What to do
Find the line below with "首先目前在短图上,最为有效的" and the line with "患者入院时,病情严重,处于休". Output exactly those lines and everything between them, leaving out the pictures.

Provided records
· · · ·

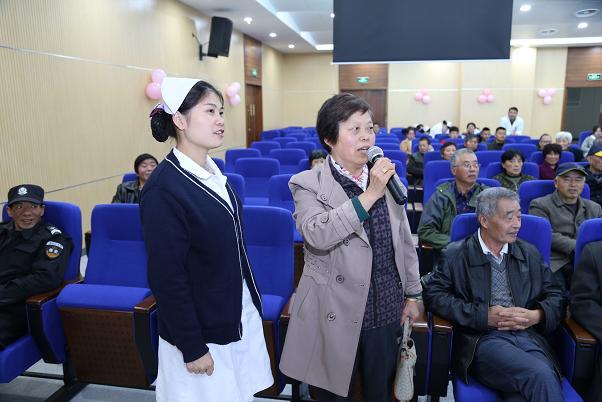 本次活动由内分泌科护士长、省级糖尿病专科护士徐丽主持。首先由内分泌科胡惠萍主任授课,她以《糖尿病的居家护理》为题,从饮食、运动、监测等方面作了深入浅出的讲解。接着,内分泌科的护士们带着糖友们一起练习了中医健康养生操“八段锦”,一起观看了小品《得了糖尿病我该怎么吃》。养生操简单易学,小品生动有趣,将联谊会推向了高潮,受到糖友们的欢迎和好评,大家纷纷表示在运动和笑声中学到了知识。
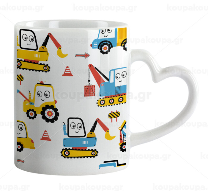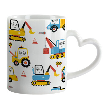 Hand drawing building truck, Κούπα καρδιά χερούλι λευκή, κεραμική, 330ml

· · · ·

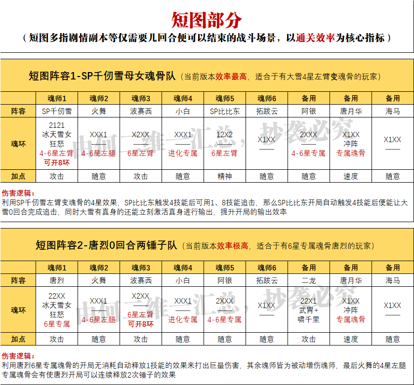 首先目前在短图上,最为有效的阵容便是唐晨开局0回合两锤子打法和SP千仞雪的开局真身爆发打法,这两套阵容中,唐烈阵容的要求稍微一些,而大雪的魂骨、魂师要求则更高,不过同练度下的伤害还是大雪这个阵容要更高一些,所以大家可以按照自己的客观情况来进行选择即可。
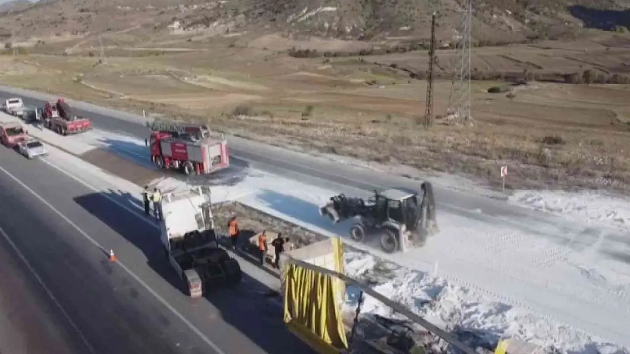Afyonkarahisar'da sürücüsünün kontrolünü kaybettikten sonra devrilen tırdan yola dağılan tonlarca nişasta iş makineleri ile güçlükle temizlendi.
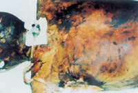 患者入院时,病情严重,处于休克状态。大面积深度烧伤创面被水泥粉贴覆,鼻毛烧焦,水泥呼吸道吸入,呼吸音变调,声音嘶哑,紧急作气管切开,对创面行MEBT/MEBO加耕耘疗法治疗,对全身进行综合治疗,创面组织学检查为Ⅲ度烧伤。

· · · ·

Answer for this exercise
 首先目前在短图上,最为有效的阵容便是唐晨开局0回合两锤子打法和SP千仞雪的开局真身爆发打法,这两套阵容中,唐烈阵容的要求稍微一些,而大雪的魂骨、魂师要求则更高,不过同练度下的伤害还是大雪这个阵容要更高一些,所以大家可以按照自己的客观情况来进行选择即可。
Afyonkarahisar'da sürücüsünün kontrolünü kaybettikten sonra devrilen tırdan yola dağılan tonlarca nişasta iş makineleri ile güçlükle temizlendi.
 患者入院时,病情严重,处于休克状态。大面积深度烧伤创面被水泥粉贴覆,鼻毛烧焦,水泥呼吸道吸入,呼吸音变调,声音嘶哑,紧急作气管切开,对创面行MEBT/MEBO加耕耘疗法治疗,对全身进行综合治疗,创面组织学检查为Ⅲ度烧伤。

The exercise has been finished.